--- Problem to work on ---
Set out exactly every line of the entries below, starting at the line that holds "programowy Omada |" and stopping after the line that holds "LEGRAS SCENIC CAMEO".
-- Exercise data follows --
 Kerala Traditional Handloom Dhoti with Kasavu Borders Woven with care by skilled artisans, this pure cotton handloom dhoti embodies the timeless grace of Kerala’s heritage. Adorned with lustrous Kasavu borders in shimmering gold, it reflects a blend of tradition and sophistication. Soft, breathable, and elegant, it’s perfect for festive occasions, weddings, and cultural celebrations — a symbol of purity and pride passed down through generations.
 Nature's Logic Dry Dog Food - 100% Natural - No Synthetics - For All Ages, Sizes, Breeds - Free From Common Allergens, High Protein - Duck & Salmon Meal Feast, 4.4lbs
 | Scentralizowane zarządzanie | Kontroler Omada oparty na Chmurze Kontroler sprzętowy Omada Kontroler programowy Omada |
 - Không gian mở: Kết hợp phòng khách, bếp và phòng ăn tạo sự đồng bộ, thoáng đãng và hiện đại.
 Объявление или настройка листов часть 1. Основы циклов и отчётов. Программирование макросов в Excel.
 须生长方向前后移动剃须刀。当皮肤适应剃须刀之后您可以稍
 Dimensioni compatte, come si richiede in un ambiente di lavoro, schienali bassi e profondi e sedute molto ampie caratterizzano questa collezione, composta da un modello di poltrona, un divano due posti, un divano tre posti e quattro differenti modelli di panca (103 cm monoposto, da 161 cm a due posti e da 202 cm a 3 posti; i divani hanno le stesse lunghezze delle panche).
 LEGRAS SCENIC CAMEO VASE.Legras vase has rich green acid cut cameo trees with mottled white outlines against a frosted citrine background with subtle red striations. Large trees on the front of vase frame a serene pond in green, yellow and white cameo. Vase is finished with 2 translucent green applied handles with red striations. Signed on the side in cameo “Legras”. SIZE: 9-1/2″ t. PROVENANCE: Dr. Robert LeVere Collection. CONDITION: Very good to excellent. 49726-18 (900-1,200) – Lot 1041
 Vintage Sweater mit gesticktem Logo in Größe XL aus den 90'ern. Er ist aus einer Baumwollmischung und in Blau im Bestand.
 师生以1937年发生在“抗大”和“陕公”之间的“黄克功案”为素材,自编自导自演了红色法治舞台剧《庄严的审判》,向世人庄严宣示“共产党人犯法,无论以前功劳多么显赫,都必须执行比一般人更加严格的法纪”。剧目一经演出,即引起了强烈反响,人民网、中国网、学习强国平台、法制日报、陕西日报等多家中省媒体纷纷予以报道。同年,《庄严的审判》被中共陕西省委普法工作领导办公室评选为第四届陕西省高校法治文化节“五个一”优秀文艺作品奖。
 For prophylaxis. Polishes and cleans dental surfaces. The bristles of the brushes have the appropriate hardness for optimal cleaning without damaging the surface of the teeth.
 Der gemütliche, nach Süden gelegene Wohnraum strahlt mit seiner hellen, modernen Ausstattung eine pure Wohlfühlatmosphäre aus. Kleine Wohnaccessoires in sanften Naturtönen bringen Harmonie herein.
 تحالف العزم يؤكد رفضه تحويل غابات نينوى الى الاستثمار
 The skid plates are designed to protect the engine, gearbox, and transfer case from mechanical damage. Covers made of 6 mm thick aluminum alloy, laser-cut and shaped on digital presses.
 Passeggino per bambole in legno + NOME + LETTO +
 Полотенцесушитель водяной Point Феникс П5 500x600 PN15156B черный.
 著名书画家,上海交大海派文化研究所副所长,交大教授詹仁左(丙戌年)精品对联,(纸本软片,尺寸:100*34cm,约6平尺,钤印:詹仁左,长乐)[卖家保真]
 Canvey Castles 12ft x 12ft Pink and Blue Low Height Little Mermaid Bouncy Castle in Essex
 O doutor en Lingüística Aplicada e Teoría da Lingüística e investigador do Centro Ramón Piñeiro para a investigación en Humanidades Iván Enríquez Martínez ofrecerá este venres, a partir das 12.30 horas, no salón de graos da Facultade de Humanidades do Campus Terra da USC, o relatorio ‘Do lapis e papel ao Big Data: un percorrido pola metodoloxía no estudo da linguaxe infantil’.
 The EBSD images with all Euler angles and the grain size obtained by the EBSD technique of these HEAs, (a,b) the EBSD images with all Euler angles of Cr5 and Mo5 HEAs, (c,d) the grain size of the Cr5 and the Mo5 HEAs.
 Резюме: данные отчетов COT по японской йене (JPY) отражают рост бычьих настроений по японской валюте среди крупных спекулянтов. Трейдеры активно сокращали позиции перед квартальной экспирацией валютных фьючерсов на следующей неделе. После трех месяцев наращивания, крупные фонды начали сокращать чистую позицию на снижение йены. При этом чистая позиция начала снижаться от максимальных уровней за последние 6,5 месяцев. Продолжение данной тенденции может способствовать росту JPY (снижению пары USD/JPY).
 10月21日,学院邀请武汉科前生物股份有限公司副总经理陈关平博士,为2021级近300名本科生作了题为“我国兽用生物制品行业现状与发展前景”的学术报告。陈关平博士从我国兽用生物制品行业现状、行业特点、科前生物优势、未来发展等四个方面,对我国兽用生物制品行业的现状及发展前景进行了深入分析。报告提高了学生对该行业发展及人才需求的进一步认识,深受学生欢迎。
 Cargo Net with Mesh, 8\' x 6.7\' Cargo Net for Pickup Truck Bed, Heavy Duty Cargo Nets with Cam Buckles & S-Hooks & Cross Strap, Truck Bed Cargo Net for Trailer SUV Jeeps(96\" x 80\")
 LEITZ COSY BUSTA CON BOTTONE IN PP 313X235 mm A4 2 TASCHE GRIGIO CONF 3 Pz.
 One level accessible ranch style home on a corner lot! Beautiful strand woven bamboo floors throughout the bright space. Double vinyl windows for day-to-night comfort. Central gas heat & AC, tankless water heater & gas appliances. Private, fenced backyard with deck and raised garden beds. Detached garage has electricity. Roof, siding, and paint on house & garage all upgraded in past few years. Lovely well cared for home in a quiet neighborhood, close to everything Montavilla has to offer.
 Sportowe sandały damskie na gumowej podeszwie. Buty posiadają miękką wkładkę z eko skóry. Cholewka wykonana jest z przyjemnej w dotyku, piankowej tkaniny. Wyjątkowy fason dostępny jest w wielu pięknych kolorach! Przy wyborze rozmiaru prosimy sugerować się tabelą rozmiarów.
-- Exercise data concluded --
--- Completed task ---
 | Scentralizowane zarządzanie | Kontroler Omada oparty na Chmurze Kontroler sprzętowy Omada Kontroler programowy Omada |
 - Không gian mở: Kết hợp phòng khách, bếp và phòng ăn tạo sự đồng bộ, thoáng đãng và hiện đại.
 Объявление или настройка листов часть 1. Основы циклов и отчётов. Программирование макросов в Excel.
 须生长方向前后移动剃须刀。当皮肤适应剃须刀之后您可以稍
 Dimensioni compatte, come si richiede in un ambiente di lavoro, schienali bassi e profondi e sedute molto ampie caratterizzano questa collezione, composta da un modello di poltrona, un divano due posti, un divano tre posti e quattro differenti modelli di panca (103 cm monoposto, da 161 cm a due posti e da 202 cm a 3 posti; i divani hanno le stesse lunghezze delle panche).
 LEGRAS SCENIC CAMEO VASE.Legras vase has rich green acid cut cameo trees with mottled white outlines against a frosted citrine background with subtle red striations. Large trees on the front of vase frame a serene pond in green, yellow and white cameo. Vase is finished with 2 translucent green applied handles with red striations. Signed on the side in cameo “Legras”. SIZE: 9-1/2″ t. PROVENANCE: Dr. Robert LeVere Collection. CONDITION: Very good to excellent. 49726-18 (900-1,200) – Lot 1041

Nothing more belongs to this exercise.